Petrobras, Brazil’s state-controlled oil company, said today that it may have a reduction of $15 billion in net income between 2014 and 2018 in case of termination of current contracts with SBM Offshore.
To remind, SBM Offshore, the world’s largest provider of floating production units has been accused of bribing Petrobras’ officials to secure contracts.
Petrobras conducted the study as a response to the letter sent by the Brazil’s Office of the Comptroller General (CGU) that requested clarification on possible financial impacts and delays in schedules in the event of interruption of contracts with SBM.
Petrobras has said it considered variations in the production of oil, natural gas availability, operating costs and investments in the calculation. Petrobras has also added that it has not identified any reasons to terminate the current contracts signed with SBM, nor has the Comptroller General recommended such an action.
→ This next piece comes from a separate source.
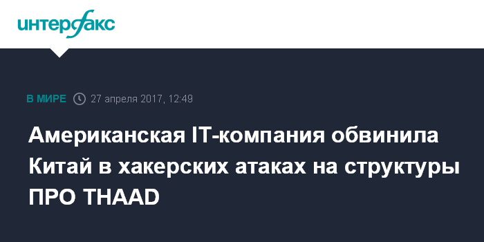 Американская IT-компания обвинила Китай в хакерских атаках на структуры ПРО THAAD

In late March 2014, Petrobras said it found no facts or documents evidencing payment of bribes to Petrobras employees.
According to allegations, SBM Offshore paid more than a $100 million in bribes to secure FPSO contracts.
However, Petrobras in June 2014 said it would not be seeking bids from SBM Offshore, as long as the Dutch supplier of floating production units was under bribery investigation in Brazil.
Following discussions with Petrobras, SBM Offshore on June 12 said it would not take part as an international contractor in the current tenders for the Tartaruga Verde and Libra fields.